How to set up and query search engine spiders in IIS

Author: User

Yesterday happened a thing that made wood very depressing. Wood a snapshot of a website stopped at number 9th, go to the server to view the site log records! Unexpectedly did not find the spider record, thought the website wants to hang! Look carefully, the original IIS this site log property is not set to record reptiles these! Baidu has no such articles on the Internet, In order to let more brothers do not waste valuable time, wood will be the entire set of settings written out.

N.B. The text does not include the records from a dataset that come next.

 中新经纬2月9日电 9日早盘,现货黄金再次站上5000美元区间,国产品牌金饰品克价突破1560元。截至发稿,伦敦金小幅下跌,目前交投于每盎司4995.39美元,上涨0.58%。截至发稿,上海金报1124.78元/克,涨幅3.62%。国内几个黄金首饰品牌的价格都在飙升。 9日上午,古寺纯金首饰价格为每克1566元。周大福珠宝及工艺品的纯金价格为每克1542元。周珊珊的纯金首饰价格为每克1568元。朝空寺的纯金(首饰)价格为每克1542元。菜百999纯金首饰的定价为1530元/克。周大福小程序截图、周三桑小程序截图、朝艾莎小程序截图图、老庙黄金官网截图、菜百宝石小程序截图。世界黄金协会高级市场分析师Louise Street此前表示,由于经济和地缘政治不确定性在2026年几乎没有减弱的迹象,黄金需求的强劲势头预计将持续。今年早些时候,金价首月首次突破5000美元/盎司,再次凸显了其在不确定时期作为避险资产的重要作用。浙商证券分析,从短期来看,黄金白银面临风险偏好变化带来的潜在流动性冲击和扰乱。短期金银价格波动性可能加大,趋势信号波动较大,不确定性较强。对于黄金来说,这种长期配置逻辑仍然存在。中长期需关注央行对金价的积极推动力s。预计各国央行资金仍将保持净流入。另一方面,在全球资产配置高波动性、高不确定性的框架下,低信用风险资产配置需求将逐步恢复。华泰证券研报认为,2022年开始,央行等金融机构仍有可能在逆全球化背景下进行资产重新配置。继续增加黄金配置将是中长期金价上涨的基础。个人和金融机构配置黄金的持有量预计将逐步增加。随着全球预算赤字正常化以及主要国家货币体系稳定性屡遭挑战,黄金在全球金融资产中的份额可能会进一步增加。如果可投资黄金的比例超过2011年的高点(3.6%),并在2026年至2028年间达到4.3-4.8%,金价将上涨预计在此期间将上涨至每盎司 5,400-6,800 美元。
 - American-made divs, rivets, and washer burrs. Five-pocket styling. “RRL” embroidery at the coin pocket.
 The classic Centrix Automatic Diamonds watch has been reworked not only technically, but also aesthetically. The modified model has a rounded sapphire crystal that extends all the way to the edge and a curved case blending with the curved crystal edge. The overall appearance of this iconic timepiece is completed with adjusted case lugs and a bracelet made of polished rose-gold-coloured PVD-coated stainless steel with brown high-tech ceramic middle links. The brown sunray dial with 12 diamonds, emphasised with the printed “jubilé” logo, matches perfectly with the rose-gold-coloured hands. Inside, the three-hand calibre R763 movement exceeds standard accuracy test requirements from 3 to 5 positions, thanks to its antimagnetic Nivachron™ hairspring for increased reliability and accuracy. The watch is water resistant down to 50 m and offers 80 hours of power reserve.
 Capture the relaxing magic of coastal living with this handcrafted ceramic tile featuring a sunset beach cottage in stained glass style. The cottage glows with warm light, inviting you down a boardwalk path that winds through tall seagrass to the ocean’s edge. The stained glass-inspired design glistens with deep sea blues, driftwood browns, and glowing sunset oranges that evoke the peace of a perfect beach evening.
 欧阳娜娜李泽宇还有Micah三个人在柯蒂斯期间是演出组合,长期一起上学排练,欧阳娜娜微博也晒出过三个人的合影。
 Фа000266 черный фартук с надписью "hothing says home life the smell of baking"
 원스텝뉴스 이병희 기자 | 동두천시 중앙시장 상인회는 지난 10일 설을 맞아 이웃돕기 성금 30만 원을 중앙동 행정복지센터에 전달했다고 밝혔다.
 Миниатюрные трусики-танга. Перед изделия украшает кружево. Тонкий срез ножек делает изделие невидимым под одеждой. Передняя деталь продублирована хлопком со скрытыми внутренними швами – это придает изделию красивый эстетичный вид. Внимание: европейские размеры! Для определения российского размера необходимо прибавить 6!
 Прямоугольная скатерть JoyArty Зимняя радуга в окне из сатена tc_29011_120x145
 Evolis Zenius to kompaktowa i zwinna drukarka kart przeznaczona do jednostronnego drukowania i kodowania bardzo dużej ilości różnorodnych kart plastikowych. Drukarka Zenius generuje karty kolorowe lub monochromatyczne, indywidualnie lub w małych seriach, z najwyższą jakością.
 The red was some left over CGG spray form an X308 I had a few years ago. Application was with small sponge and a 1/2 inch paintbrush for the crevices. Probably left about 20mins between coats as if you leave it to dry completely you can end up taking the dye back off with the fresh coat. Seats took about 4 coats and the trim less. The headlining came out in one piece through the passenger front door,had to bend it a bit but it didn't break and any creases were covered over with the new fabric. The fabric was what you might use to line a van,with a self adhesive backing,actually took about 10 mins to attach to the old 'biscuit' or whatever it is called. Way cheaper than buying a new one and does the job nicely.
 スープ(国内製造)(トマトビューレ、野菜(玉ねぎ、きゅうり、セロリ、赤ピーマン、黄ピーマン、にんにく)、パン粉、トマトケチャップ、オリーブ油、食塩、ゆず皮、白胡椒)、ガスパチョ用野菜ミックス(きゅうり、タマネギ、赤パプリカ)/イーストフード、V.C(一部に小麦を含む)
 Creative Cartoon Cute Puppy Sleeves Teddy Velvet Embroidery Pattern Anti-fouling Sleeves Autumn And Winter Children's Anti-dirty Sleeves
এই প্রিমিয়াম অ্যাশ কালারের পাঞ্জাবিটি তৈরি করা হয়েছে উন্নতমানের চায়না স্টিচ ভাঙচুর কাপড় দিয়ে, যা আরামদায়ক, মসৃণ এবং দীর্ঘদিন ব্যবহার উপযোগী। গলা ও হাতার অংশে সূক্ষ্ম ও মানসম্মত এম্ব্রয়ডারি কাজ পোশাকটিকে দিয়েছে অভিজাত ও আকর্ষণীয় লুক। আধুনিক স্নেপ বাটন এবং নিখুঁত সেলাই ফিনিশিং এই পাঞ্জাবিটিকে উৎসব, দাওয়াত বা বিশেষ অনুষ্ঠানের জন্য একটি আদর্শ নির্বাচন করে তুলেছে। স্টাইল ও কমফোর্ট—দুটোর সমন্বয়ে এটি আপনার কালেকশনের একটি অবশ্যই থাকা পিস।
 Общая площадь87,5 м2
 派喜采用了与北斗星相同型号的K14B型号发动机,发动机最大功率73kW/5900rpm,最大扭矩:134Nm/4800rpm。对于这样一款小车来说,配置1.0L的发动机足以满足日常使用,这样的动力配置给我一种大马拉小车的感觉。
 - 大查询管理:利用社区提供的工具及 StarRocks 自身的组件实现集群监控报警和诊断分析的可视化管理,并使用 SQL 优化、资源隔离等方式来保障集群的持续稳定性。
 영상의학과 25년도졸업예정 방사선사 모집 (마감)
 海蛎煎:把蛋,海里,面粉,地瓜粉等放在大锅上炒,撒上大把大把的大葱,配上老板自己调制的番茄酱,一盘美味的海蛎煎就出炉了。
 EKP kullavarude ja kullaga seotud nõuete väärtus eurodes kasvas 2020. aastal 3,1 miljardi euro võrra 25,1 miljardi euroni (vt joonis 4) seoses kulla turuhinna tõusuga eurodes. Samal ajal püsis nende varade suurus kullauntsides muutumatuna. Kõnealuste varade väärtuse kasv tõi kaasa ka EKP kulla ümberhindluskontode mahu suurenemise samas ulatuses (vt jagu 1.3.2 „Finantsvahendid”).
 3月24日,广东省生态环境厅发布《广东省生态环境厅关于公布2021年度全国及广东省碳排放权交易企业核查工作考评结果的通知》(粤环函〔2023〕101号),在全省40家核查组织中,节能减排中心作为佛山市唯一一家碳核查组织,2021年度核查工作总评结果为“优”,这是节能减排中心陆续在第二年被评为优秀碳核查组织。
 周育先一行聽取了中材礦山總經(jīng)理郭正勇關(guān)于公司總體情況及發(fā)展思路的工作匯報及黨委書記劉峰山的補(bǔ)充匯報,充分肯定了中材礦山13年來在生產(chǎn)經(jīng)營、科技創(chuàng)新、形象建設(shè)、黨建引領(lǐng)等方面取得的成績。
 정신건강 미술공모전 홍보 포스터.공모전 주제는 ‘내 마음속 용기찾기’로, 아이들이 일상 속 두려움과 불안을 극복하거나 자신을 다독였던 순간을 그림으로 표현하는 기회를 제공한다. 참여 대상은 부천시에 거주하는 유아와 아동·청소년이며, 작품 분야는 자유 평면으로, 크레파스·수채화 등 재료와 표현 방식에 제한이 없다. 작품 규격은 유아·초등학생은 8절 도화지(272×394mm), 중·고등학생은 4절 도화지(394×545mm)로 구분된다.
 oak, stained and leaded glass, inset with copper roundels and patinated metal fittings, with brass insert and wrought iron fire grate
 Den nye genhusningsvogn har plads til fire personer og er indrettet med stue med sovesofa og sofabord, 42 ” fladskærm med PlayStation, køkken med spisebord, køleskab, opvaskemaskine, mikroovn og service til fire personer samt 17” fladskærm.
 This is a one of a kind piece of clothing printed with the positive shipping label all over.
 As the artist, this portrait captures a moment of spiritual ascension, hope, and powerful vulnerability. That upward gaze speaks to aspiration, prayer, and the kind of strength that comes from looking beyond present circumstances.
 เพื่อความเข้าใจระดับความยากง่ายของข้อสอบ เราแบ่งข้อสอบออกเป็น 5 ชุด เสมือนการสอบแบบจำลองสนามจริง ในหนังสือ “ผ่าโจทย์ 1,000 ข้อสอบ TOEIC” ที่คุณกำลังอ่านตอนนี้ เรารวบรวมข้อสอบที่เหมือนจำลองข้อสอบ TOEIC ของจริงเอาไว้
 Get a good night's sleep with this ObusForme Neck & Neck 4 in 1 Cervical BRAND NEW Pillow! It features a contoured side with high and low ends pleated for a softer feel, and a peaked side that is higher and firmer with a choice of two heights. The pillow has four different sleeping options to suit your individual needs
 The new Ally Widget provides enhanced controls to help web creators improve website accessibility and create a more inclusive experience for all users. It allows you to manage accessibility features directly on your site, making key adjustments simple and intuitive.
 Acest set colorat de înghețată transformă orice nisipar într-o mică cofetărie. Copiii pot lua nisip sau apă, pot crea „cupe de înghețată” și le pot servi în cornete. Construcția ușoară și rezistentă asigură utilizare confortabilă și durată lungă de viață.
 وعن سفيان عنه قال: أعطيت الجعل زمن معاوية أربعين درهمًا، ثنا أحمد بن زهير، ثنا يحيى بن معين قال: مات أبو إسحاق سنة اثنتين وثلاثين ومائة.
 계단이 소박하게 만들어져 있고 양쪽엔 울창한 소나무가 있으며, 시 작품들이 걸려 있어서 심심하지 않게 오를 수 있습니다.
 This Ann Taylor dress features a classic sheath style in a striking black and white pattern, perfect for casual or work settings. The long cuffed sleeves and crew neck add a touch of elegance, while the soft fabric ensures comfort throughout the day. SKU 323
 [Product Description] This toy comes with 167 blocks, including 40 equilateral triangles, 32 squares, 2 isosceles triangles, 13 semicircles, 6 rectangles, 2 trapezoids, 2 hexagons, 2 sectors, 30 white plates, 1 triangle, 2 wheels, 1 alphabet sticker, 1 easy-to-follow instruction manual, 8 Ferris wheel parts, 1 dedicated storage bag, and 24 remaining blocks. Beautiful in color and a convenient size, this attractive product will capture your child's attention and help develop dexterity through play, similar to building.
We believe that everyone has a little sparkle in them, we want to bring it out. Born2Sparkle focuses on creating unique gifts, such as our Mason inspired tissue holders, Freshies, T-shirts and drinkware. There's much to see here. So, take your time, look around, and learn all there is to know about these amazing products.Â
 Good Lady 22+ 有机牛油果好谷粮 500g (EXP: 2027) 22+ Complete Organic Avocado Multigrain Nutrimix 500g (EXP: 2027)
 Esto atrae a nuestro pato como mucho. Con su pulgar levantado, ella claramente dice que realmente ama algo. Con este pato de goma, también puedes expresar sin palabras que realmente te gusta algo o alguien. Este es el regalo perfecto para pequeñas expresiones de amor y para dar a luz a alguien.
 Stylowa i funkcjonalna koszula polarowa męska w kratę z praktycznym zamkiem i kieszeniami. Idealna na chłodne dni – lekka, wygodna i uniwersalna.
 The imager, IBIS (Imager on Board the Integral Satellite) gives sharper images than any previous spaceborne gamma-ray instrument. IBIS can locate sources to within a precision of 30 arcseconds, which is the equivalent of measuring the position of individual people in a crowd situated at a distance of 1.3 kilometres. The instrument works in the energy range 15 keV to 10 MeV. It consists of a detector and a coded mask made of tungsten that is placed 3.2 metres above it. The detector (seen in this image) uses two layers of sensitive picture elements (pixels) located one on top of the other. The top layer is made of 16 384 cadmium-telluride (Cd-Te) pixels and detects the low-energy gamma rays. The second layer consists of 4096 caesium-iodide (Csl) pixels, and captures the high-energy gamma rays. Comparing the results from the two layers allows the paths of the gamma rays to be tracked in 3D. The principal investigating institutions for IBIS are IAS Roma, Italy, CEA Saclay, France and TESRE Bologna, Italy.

The settings of the log for the Web site in IIS.

Open IIS. Select the site properties you want to set. The following window pops up:


"Enable logging," Check, and select "The format of the expanded log file for the consortium."

Again click the "Properties" button here, the General options, select a new log schedule for "Every day", of course, you can choose Other, choose to save the log file directory.


According to the general situation, set up here to log, but some hosts can not find the trace of search engine crawler, similar to baiduspider+ how can not see. This time we need to enable the remaining three options!

Select advanced Options. Check below the user agent (CS (user)) and so on the following three options, so we can see Baidu Spider!


Ii. How to analyze Spiders in Web site IIS logs

First of all to understand the domestic mainstream search engine spider name:

1. Google crawler name

1 Googlebot: Crawl Web pages from Google's Web site index and news index

2 Googlebot-mobile Mobile Index crawl Web page for Google

3) Googlebot-image: Crawl Web page for Google image index

4 Mediapartners-google: Crawl Web page to determine the content of AdSense. Google will use this rover to crawl your site only if you display AdSense ads on your site.

5 adsbot-google: Crawl Web pages to measure the quality of AdWords target pages. Google uses this rover only if you use Google AdWords to advertise your site.

2. Baidu Crawler Name: Baiduspider

3. Yahoo's reptile name: Yahoo slurp

4. Youdao (Yodao) spider name: Yodaobot

5. Sogou (Sogou) spider name: Sogou spider

Because we are more concerned about Baidu at home so we have to separate Baidu Spider, from just recorded log search "baiduspider+" Select a paragraph

00:00:06 get/class/class.asp id=38 baiduspider+ (+ 200 0 214

The above log indicates that the Class/class.asp id=38 page was accessed at 0 o ' time. The spider IP address is 200 of them said the search engine spider crawling back to the status code HTTP, the representative successfully crawled and crawled.

Common numeric codes are listed below:

2XX success

200 normal;

201 normal;

202 normal; Accepted for processing, but processing has not yet completed.

203 normal; Partial information-the information returned is only part of the message.

204 normal; No response-received request, but no information to echo.

3xx redirect

301 Moved-The requested data has a new location and the change is permanent.

302 found-The requested data has a different URI temporarily.

303 See other-the response to the request can be found under another URI, and the response should be retrieved using the Get method.

304 unmodified-The document is not modified as expected.

305 Use proxy-the requested resource must be accessed through the agent provided in the Location field.

306 unused-is no longer in use;

Error occurred in 4xx client

400 Error request-There is a syntax problem in the request or cannot satisfy the request.

401 Unauthorized-The client is not authorized to access the data.

402 Payment required-Indicates that the billing system is valid.

403 prohibited-access is not required even if authorized.

404 Not Found-the server could not find the given resource;

407 Proxy authentication Request-The client must first use the proxy authentication itself.

410 The requested Web page does not exist (permanent);

415 Media type not supported-server denial of Service request because the format of the request entity is not supported.

Error occurred in 5xx server

500 INTERNAL Error-The server cannot complete the request because of an unexpected condition.

501 not executed-the server does not support the requested tool.

502 Error Gateway-server received an invalid response from the upstream server.

503 cannot get service-the server cannot process the request due to temporary overload or maintenance.

Understanding the crawling traces of spiders helps us analyze our website. Wooden wood talents, on the simple summary!